# Samba Als Pdc Und Xp ...



## DaZero (20. September 2003)

Hi Leutz,
ich habe ein Problem, habe bei mir Samba gemäß Tutorial als PDC configuriert,
die Einrichtung hat soweit funktioniert, sehe meinen ( SUSE 8.2 ) Server auch im Explorer, kann mich auch über den Explorer anmelden ( Eintrag in den logfiles ok )
aber wenn ich versuche XP-Pro über den Eigenschaften->Arbeitsplatz ->Computername  dazu zubewegen sich an der Domäne anzumelden erhalte ich die Fehlermeldung "Es konnte kein Konto für den Computer in der Domäne ermittelt werden".  In den Logfiles steht jetzt nix neues .... 

 für eure Hilfe wäre ich dankbar 

... werde noch wahnsinnig hier ;-)


----------



## Daniel Wittberger (21. September 2003)

Hi

Ich hatte das selbe Problem. Ich habe den Suse Linux Office Server bei mir Installiert und da ist eine Datei dabei, die in der Regestry  unter XP einstellungen verändert. Nachdem ich das gemacht habe, hatt es super funktioniert. Wenn du willst kann ich dir die Datei per Mail schicken.
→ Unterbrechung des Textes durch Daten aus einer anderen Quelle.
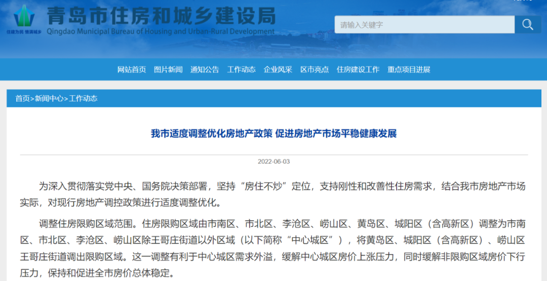 6月3日,青岛市对现行房地产调控政策进行适度调整优化,包括调整住房限购区域范围、优化非本市户籍居民家庭购房条件、支持改善性住房需求等。
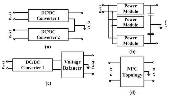 Several solutions are generally considered in the unipolar/bipolar DC grid conversion, including (a) system configuration; (b) input-parallel-output-series (IPOS) topology; (c) integrated-balancing bipolar circuit; and (d) neutral point clamped (NPC) circuit, as shown in Figure 2. Although the power supply continuity can be guaranteed, the neutral point can be created by cascading two converters at the cost of high initial investment and bulky volume. The IPOS structure is another candidate solution for achieving power transmission between DC grids with unipolar and bipolar configurations. In [10,11], an IPOS converter structure was proposed based on the dual active bridge (DAB) modules. However, due to the large number of isolated transformers in this topology, the insulation design and heat dissipation requirements are more rigorous. A triple-active-bridge converter associated with a multi-winding transformer was introduced in [12] to create a bipolar port with less active components. Unlike the topology presented in [12], a BiSAB converter with a semiactive rectifier was proposed to save the system’s cost [13]. These two solutions are specially designed for low-voltage (LV) microgrids. Reference [14] presented another IPOS approach using two modular multilevel DC converters (MMDCs) to achieve unipolar-to-bipolar power conversion. Notably, current- and voltage-sharing issues always challenge the IPOS’s normal operation with either the DAB or the MMDC topologies [15]. To prevent current- and voltage-sharing issues, another method based on the isolated MMDC converter with a central-tap was proposed for unipolar-to-bipolar conversion [16]. However, the square-wave modulation will result in a large dv/dt and high-order harmonic content on its AC side.
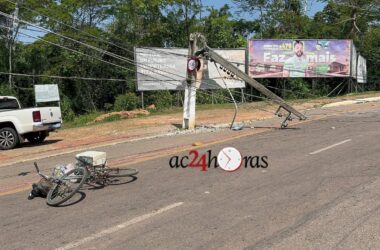 Caminhão derruba postes de energia e fere idoso em Rio Branco
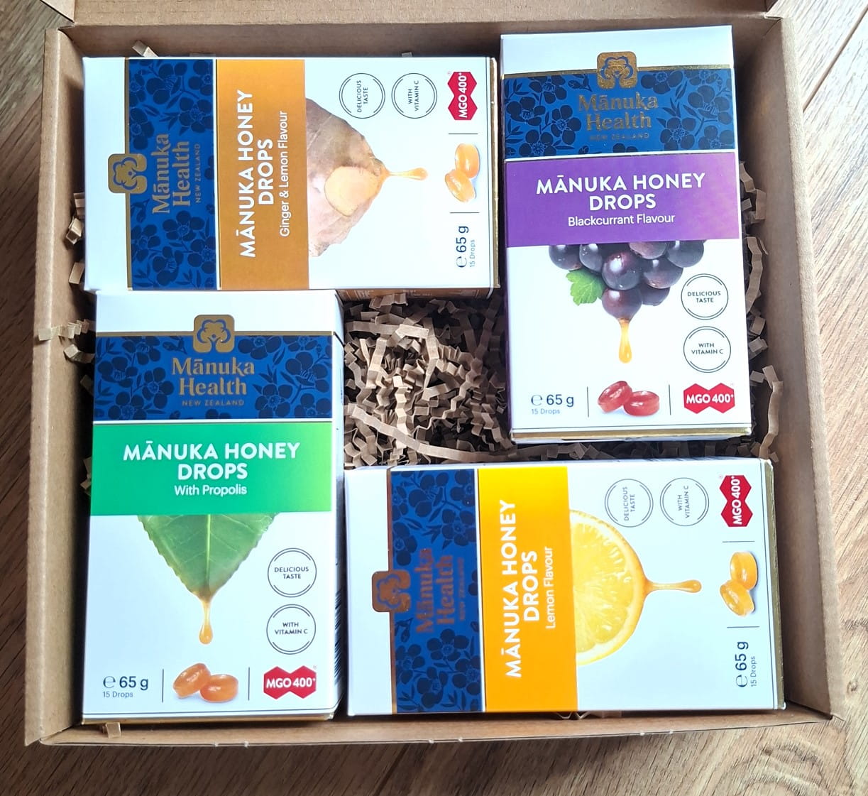 Zestaw cukierków Manuka – 4 smaki (Propolis, Cytryna, Imbir i Cytryna, Czarna Porzeczka)
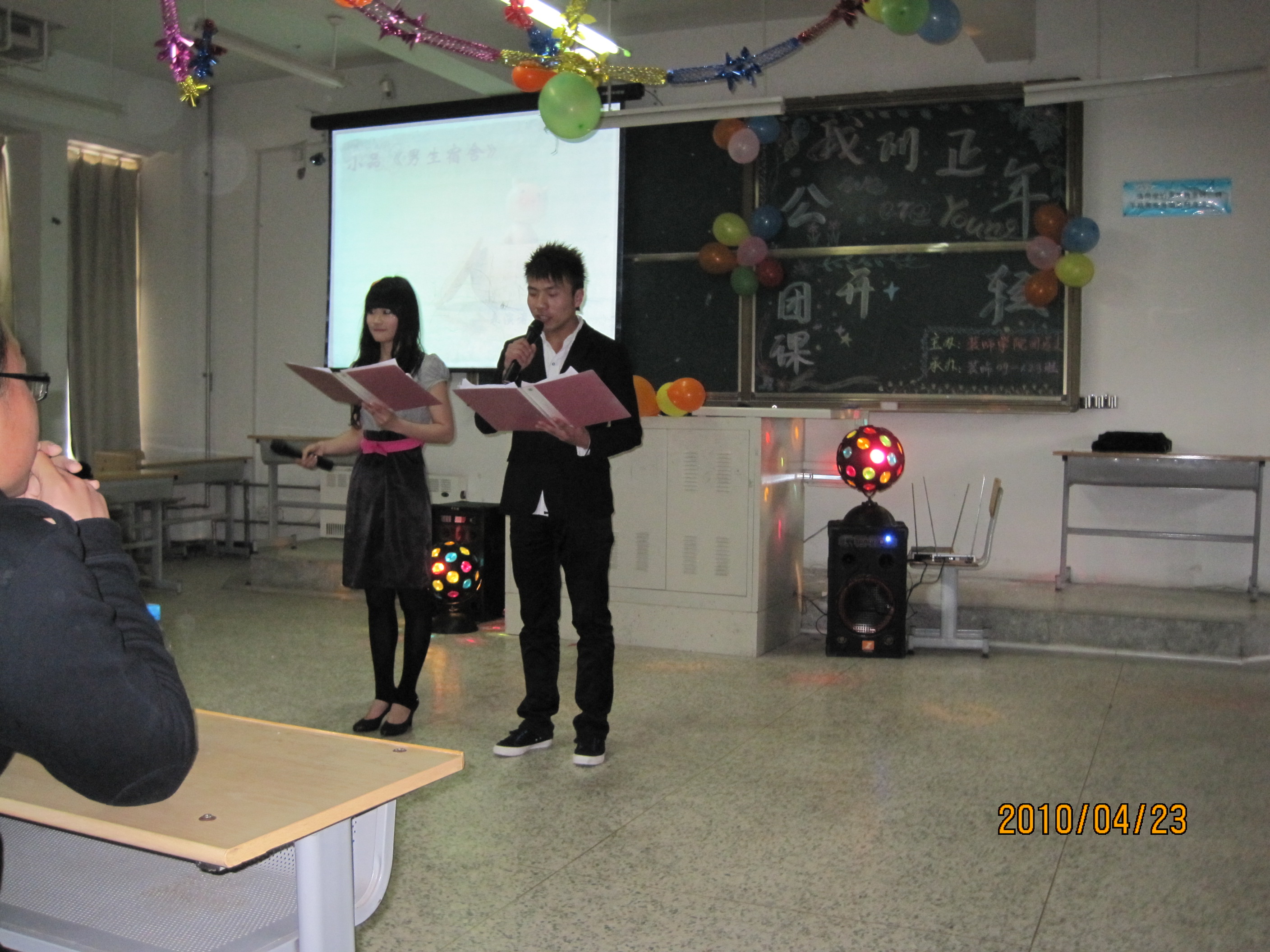 2010年4月23日16:30,由徐州建筑职业技术公司,建筑装饰艺术公司团总支主办,装饰09-1.2.3班承办的以“我们正年轻”为主题的公开团课在教三D-403如期举行。
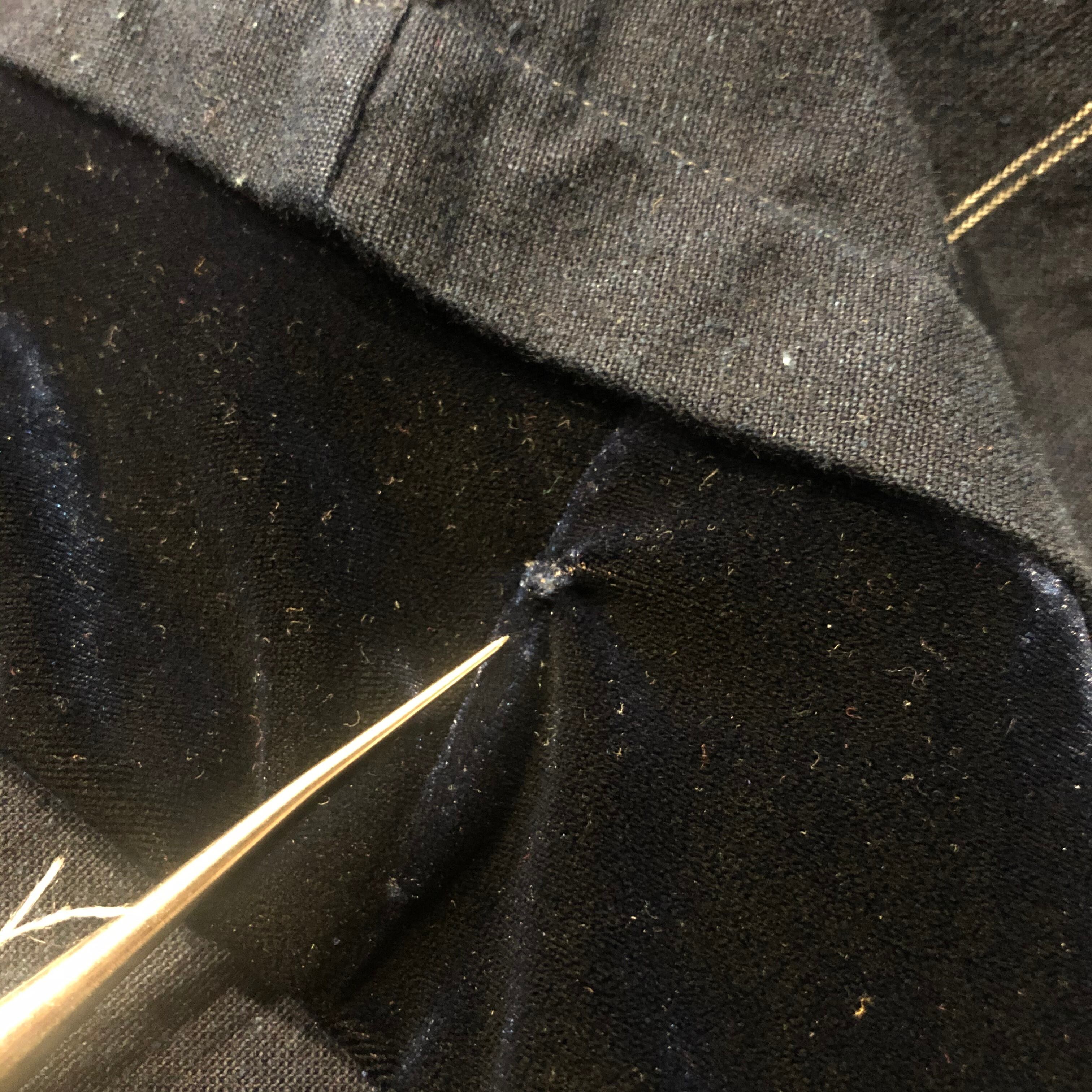 右袖にキズ、左右の脇の作りや袖口のベロアの形の違いなど適当な部分などがあります。

Vielleicht funktioniert es dann. 

Gr33ts
Stauffenberg


----------



## DaZero (22. September 2003)

Und ob ich davon begeistert wäre ;-)

Danke schonmal vorab.

Weißt Du auch, was dieser Registry-Patch genau macht ?


----------



## Daniel Wittberger (22. September 2003)

Hi

Also, dass steht im Reg-Key drinnen:


```
[HKEY_LOCAL_MACHINE\SYSTEM\CurrentControlSet\Services\Netlogon\Parameters]
"DisablePasswordChange"=dword:00000000
"maximumpasswordage"=dword:0000001e
"requiresignorseal"=dword:00000000
"requirestrongkey"=dword:00000000
"sealsecurechannel"=dword:00000001
"signsecurechannel"=dword:00000001
"Update"="no"
```

Gr33ts
Stauffenberg


----------



## DaZero (22. September 2003)

Hmm immer noch nix,
was mich verwirrt ist, das in der Log Datei nix steht,
wenn ich mit dem Win XP Explorer über Netzwerk auf den Samba gehe fragt er mich nach den User und Passwort .. Login OK,
aber das Anmelden über Arbeitsplatz -> Einstellungen->Computer klappt nicht,
er hinterläst nichtmal spuren in einer der beiden Logdateien.....

bin etwas confused ...


meine Config Datei sieht so aus


> # Global parameters
> [global]
> workgroup = OEMWORKGROUP
> netbios name = LINUX
> ...



die Verz.Strucktur sieht so aus :


> drwxrwxrwx    7 test     root          736 2003-09-22 18:56 juergen
> drwxrwxrwx    2 root     root           48 2003-09-22 18:12 netlogon
> drwxr-xr-x    2 root     root           48 2003-09-20 20:54 public



Und als Domain müste ich ja den Netbios-Namen eingeben ( hab schon alles was mir einfiehl ausprobiert) oder liege ich da falsch ?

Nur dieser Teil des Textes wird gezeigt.